** What the task requires **
No pictures go into the output, which should consist only of the lines from the first line of the data through the line with "रायपुर। सद्गुरु कबीर", copied exactly.

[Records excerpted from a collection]
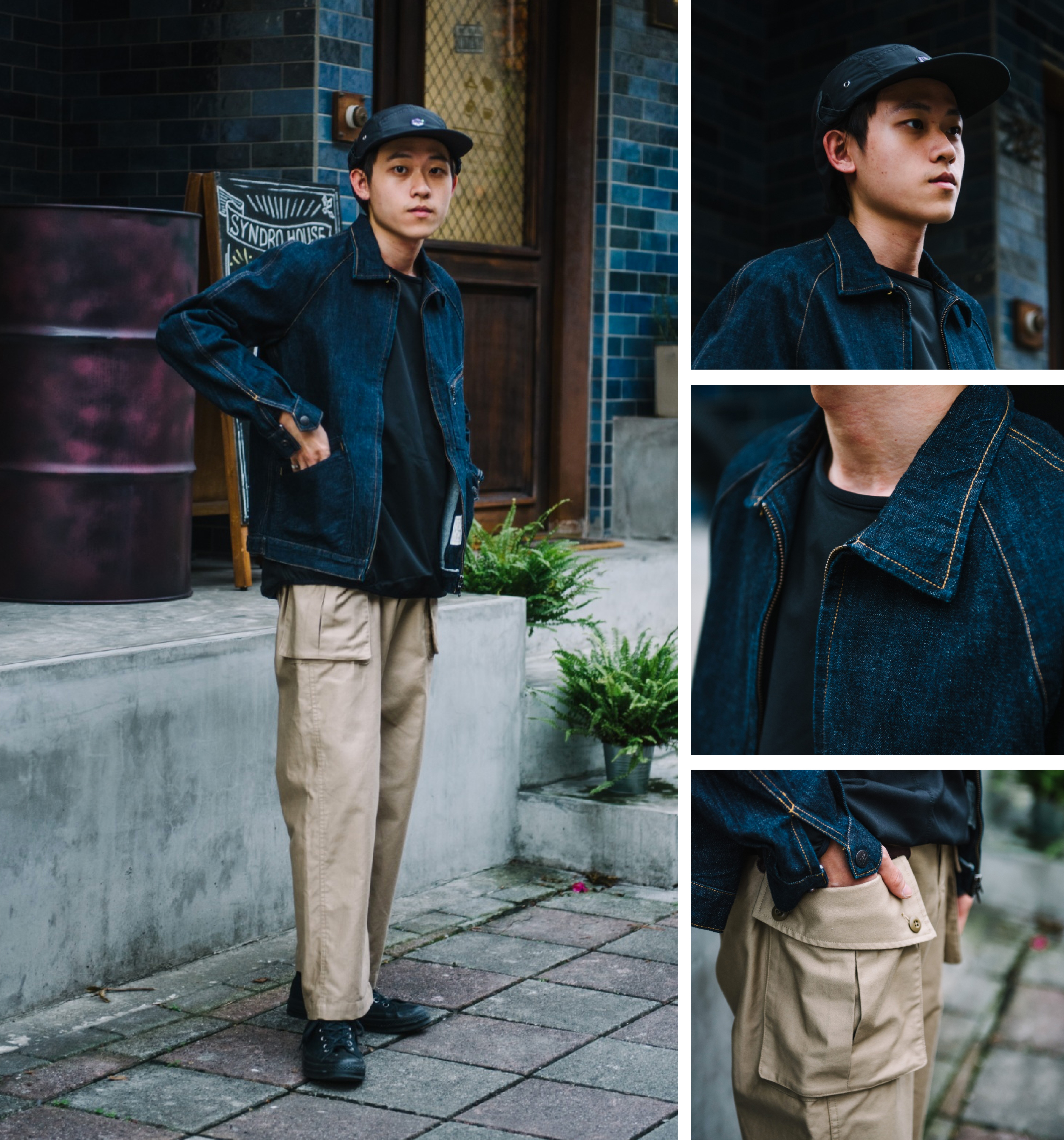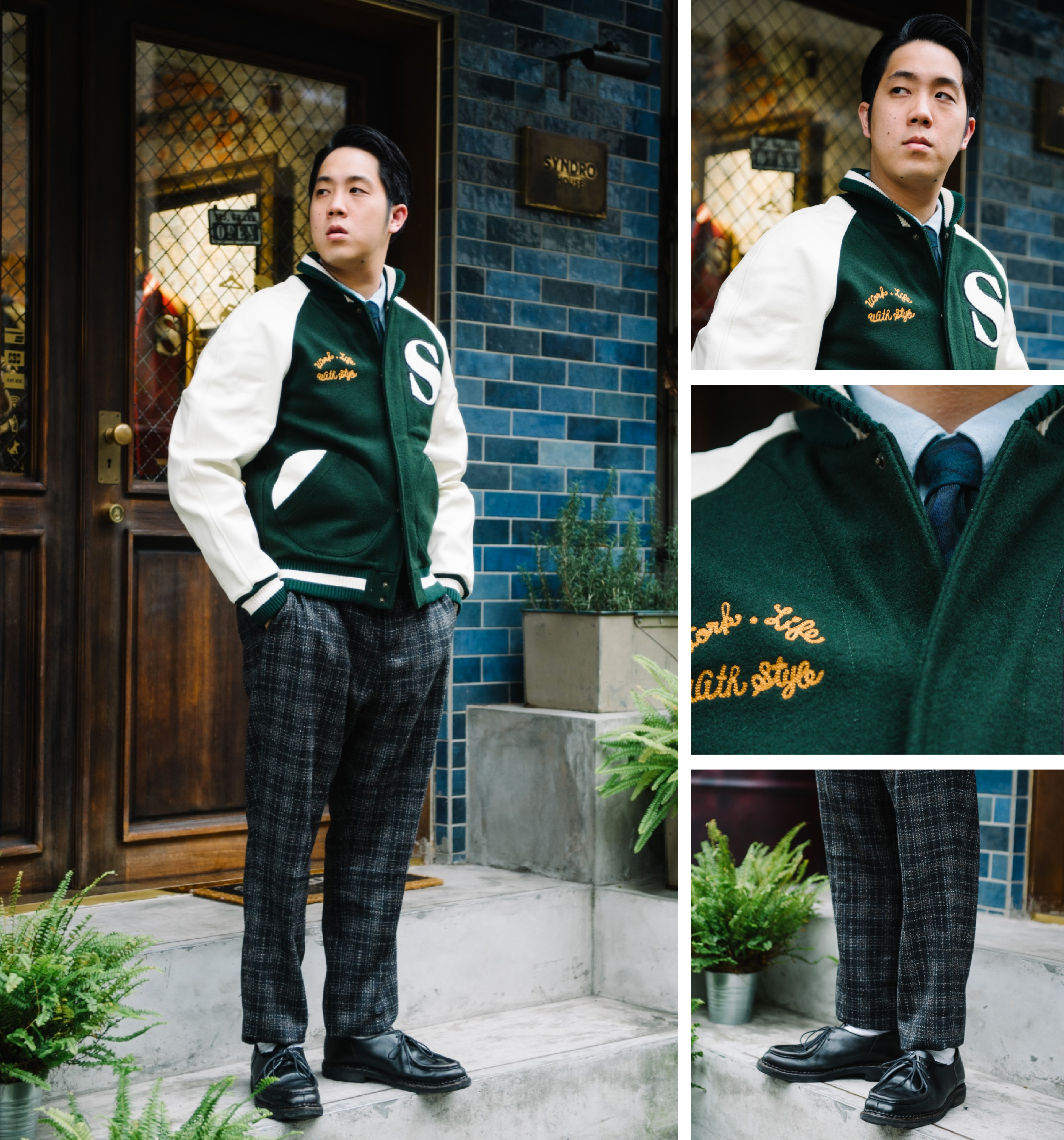 「 用格紋 “SILENT ROCK” 西裝褲與 “STRIKE” 棒球外套呈現出美式學院風格。」
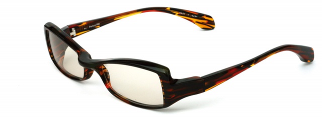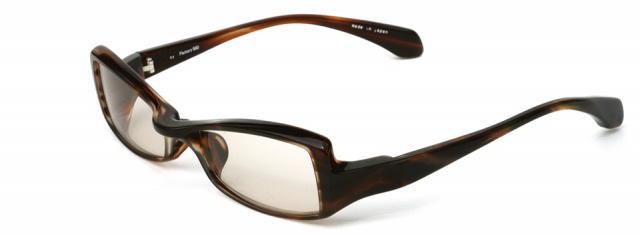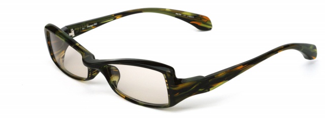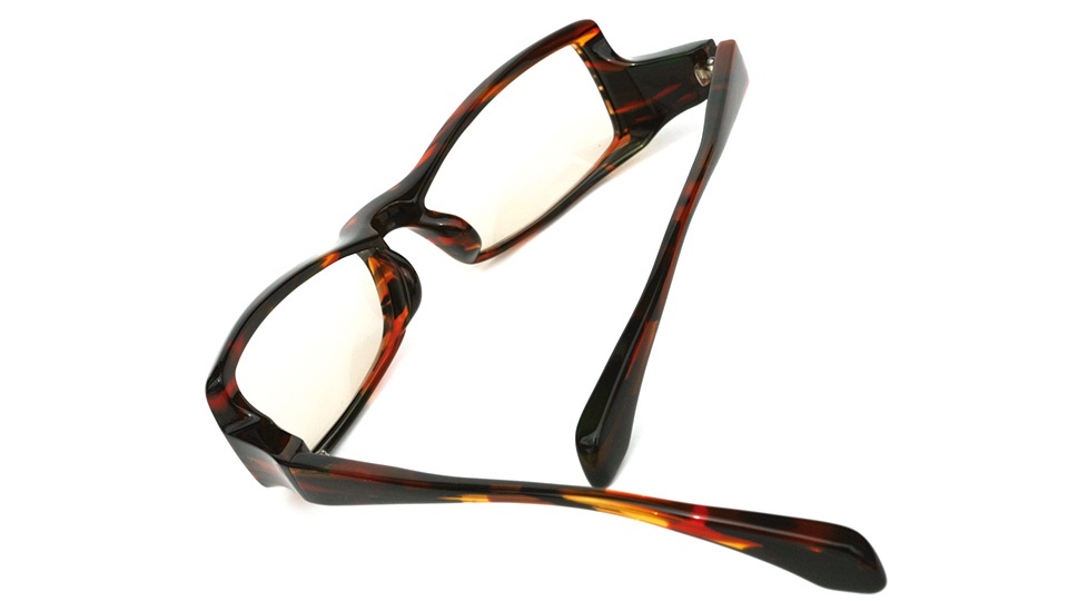 フルリムのアンダーテンプルモデル。フロントサイドからテンプルまでの流れるようなラインが特徴で、ヨロイを逆Rに窪ませることでフレームが顔に沿うようになっています。少しつり上がったフロントは目元を強調する効果があり、フォックス風に掛けこなす女性ユーザーも。
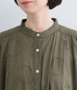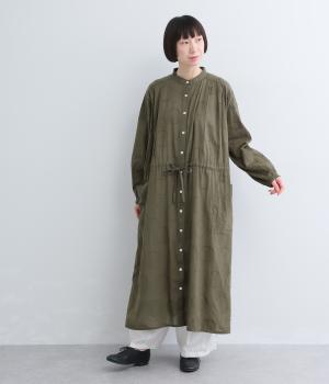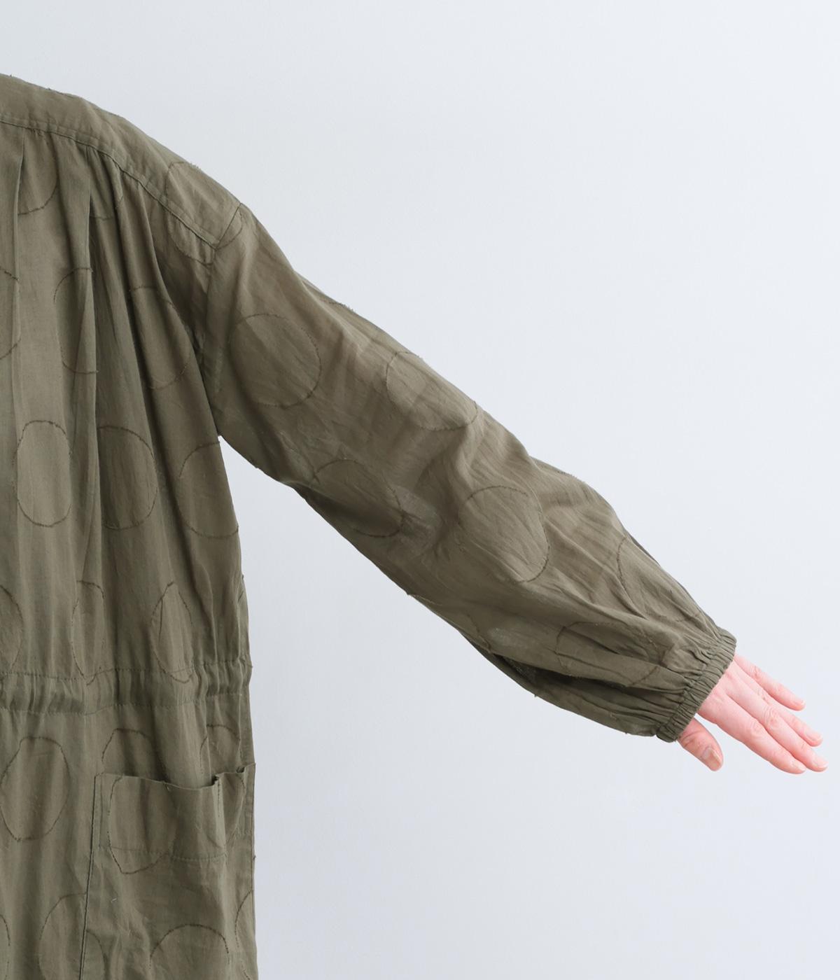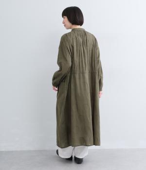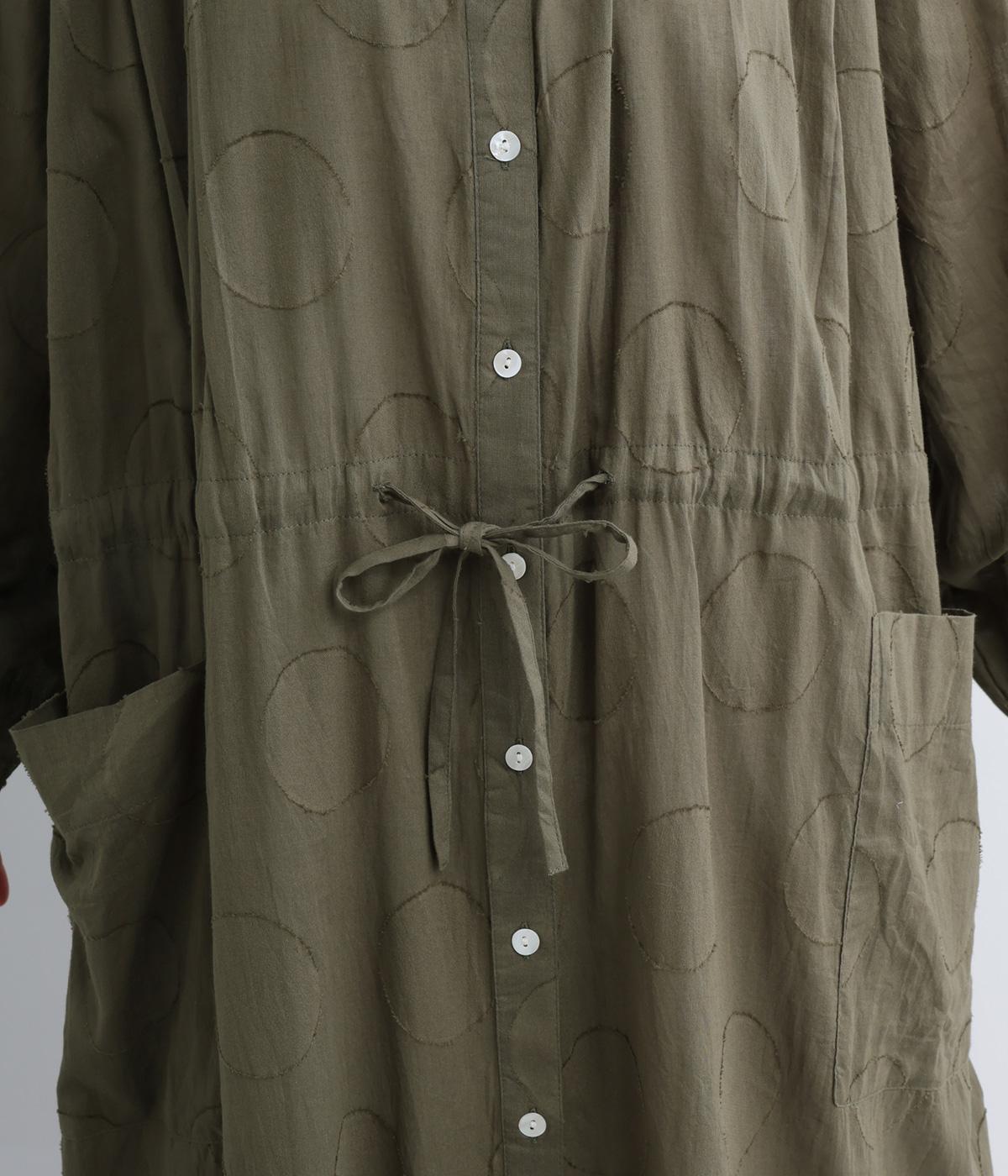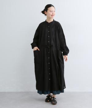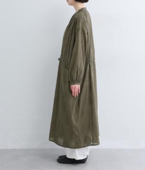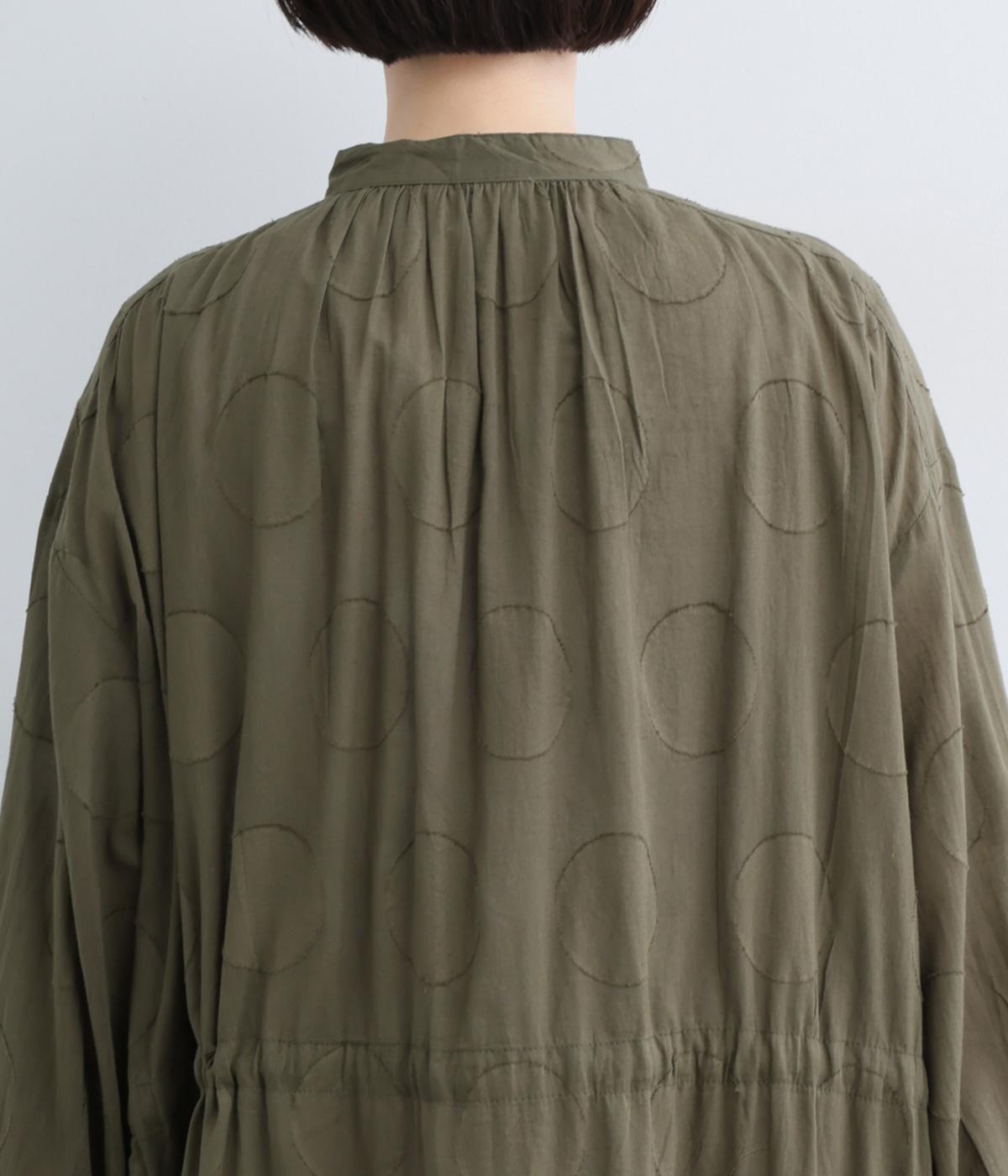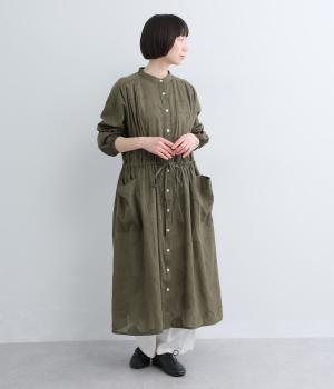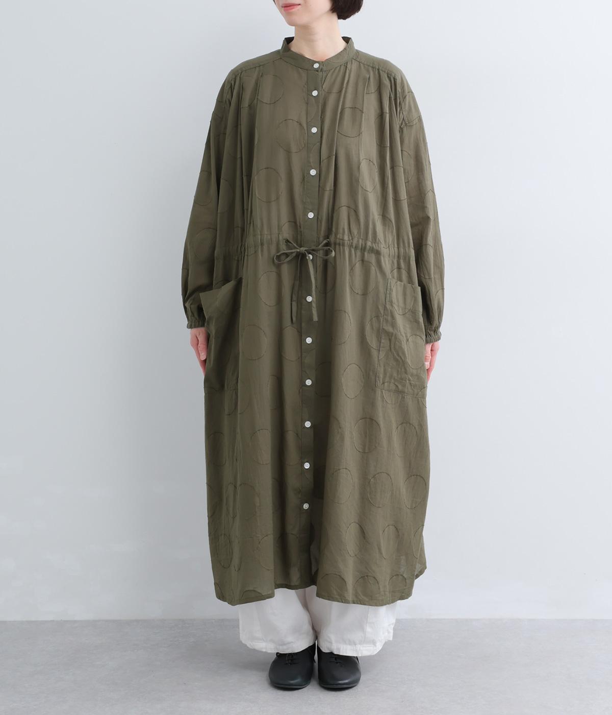 タックやギャザーでゆとりをもたせたワンピースは、透け感のあるドットジャカード生地で奥行きのある仕上がりに。無地感覚で着やすくも表情豊かで、ボトム合わせやレイヤードの羽織りスタイルがたのしめます。ウエスト紐でしぼって変化をつけても◎。
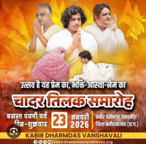 रायपुर। सद्गुरु कबीर साहेब द्वारा स्थापित बंश बियालिस प्रणाली के अंतर्गत कबीरपंथ के इतिहास में एक और स्वर्णिम अध्याय जुड़ने जा रहा है। कबीरपंथ के 16वें वंशाचार्य पंथश्री उदितमुनी नाम साहेब का विधिवत चादर तिलक समारोह बसंत पंचमी के पावन अवसर पर 23 जनवरी को कबीर धर्मनगर दामाखेड़ा में श्रद्धा, भक्ति और भव्यता के साथ सम्पन्न होगा। यह ऐतिहासिक समारोह 15वें वंशाचार्य पंथश्री हुजूर प्रकाश मुनि नाम साहेब के सानिध्य में आयोजित किया जाएगा।
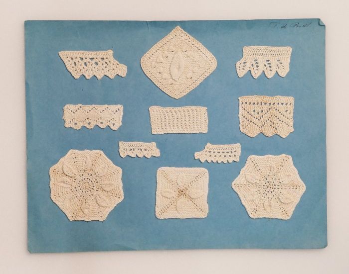 Elf proefstukken ajourbreiwerk in fijn crèmekleurig ...
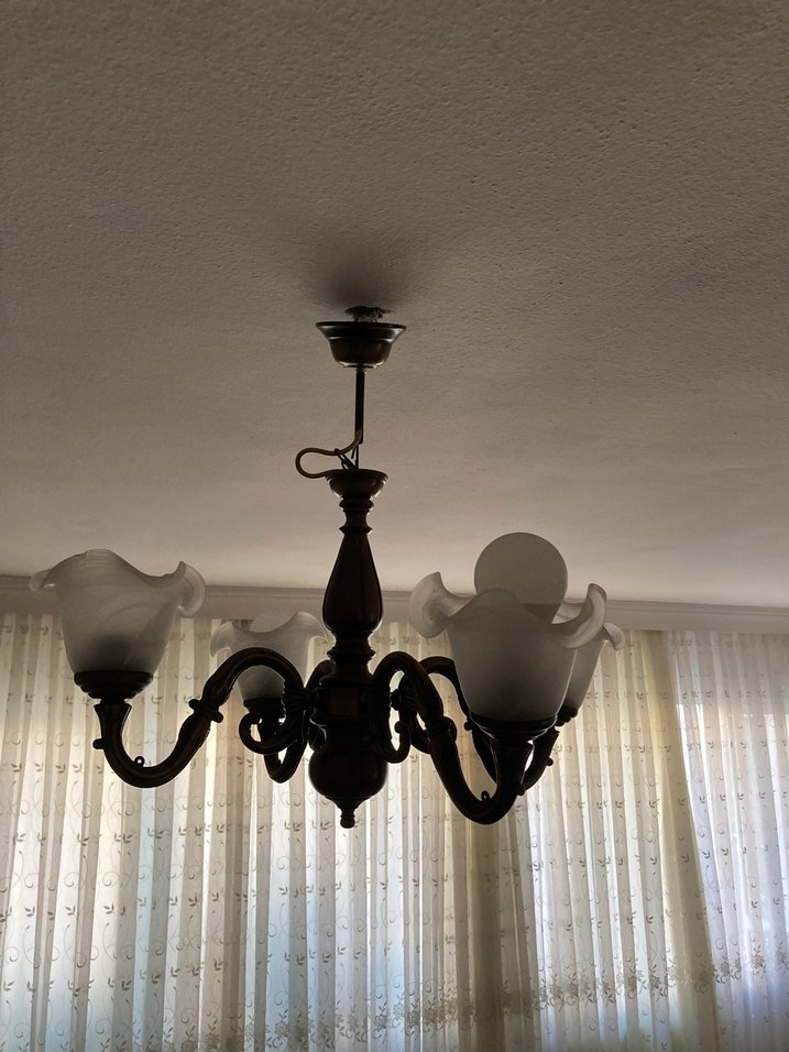 Koyu metal gövde ve çiçek şeklinde bej buzlu cam abajurlu klasik avize. 20 yıllık hicbir sorunu olmayan avize.

** Your solution **
 「 用格紋 “SILENT ROCK” 西裝褲與 “STRIKE” 棒球外套呈現出美式學院風格。」
 フルリムのアンダーテンプルモデル。フロントサイドからテンプルまでの流れるようなラインが特徴で、ヨロイを逆Rに窪ませることでフレームが顔に沿うようになっています。少しつり上がったフロントは目元を強調する効果があり、フォックス風に掛けこなす女性ユーザーも。
 タックやギャザーでゆとりをもたせたワンピースは、透け感のあるドットジャカード生地で奥行きのある仕上がりに。無地感覚で着やすくも表情豊かで、ボトム合わせやレイヤードの羽織りスタイルがたのしめます。ウエスト紐でしぼって変化をつけても◎。
 रायपुर। सद्गुरु कबीर साहेब द्वारा स्थापित बंश बियालिस प्रणाली के अंतर्गत कबीरपंथ के इतिहास में एक और स्वर्णिम अध्याय जुड़ने जा रहा है। कबीरपंथ के 16वें वंशाचार्य पंथश्री उदितमुनी नाम साहेब का विधिवत चादर तिलक समारोह बसंत पंचमी के पावन अवसर पर 23 जनवरी को कबीर धर्मनगर दामाखेड़ा में श्रद्धा, भक्ति और भव्यता के साथ सम्पन्न होगा। यह ऐतिहासिक समारोह 15वें वंशाचार्य पंथश्री हुजूर प्रकाश मुनि नाम साहेब के सानिध्य में आयोजित किया जाएगा।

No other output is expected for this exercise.